Taking A Vacation

For website building purposes we need to shut the blog down for the next two days to construct http://www.talkofthetown.me come back Friday as we continue to bring you news and hopefully some laughs…

Quote Of The Day

“I have a fiance, but it’s not that serious”-Atlantic City woman

Overuse Of The Word “Asshole”

Post by Quite Frankly:

This article will really show the simple mindedness and lack of independent thought of the female sex.  Sorry, but its kind of true. Girls use the word “asshole” way to frequently and us guys have become kind of numb to it.  If a guy cheats on you, he’s an “asshole”.  If a guy doesn’t want to go to a place because he can’t stand your cousin and her boyfriend, he’s an “asshole”.  Obviously, those are two pretty different things and one is a lot worse than the other.  So why use it for both instances?  If we are assholes for every thing we do than eventually we just say, yeah whatever.  If the word is used less frequently and only in the worst situations than we might take a step back and realize what we did was wrong.
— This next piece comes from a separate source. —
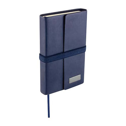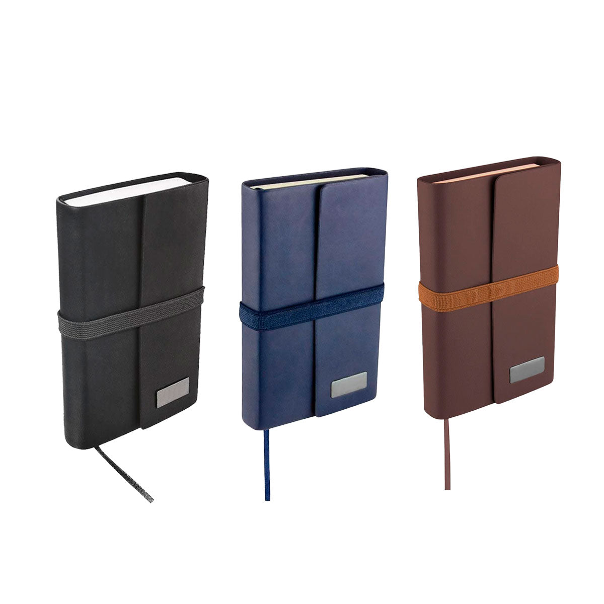 Libreta con 120 hojas de raya. Incluye separador de hojas, elastico para cerrar y placa para grabado.

And let’s face it, “asshole” is the worst word you have for us.  Guys have the luxury of some pretty damn good words to describe girls.

Guys have a hierarchy of words we use when women piss us off.  If a girl doesn’t want to talk to us or something, she is a “bitch”.  If a girl blows your best friend in the bathroom of some bar, she is not only a slut but will referred to in the future as that “C” word that rhymes with “punt” (See I do have a soul, I didn’t say the word cunt).  We have other words that fill in the in between areas.  Those words are, “pig”, “disgrace”, “joke”, in no particular order.  Other words do exist, but I am not going to expose all the inside secrets here.

If you continue to call us “assholes” for everything than we have no idea what context you are using it in. If you set up a nice little hierarchy of terms like us guys did (guys brains work much more fact based and logical than females, that’s science)  then you might be happier and it might be a little easier.  Here is a mere suggestion. If a guy makes plans and forgets prior plans that he made with you, he is an “idiot”. If a guy cheats on you, he is an “asshole”.  You can fill in the rest.  

Asshole Of The Day Award

I love stupid people…

http://www.nypost.com/p/news/local/brooklyn/funny_stuff_by_cop_plate_thief_3UM77ir2sT3qHCRMt56r8L

What are you doing lady? Stealing a license plate off a cop car and shoving it down your pants is no way to go through life miss. I’m just curious as to what use you would have for a police license plate? Like you’re 53 years old, don’t you think it’s time to stop having scavenger hunts with your friends and grow up? Do I actually know if this woman was on a scavenger hunt? No, but that is the only reasoning I could possibly see for stealing a license plate. Oh, and to tell a cop that you were holding it for the cop who’s car it was might be the worst response I have ever heard. This shirt was made for you, enjoy!

Bristol Palin Has A Book?

http://www.huffingtonpost.com/2011/06/20/bristol-palin-lost-virginity-levi-book_n_880242.html

Bristol, I’m not mad, I’m disappointed. I’m disappointed in the fact that you lost your virginity while being black out drunk off of wine coolers. I know you’re a girl, but come on now, they’re fucking wine coolers, my eleven year old cousin couldn’t get drunk off those. And you blacked out and don’t remember? Once again, you drank wine coolers; those things are blackout proof, meaning that it’s impossible for you to blackout by only drinking them. I think it’s a complete cover up to try and save face because you told your parents that you would wait until marriage. Who waits until marriage anymore anyway? This is the shit you’re writing about in your book to make you look like less of a slut. Listen, people would respect you if you just said, “Look, I had sex with my boyfriend and it was a total accident.” No one’s buying this wine cooler blackout nonsense; mainly because, it’s total bullshit. Next time try something believable, because you’re apparently the first person in the history of the world to blackout off of fucking wine coolers. The end.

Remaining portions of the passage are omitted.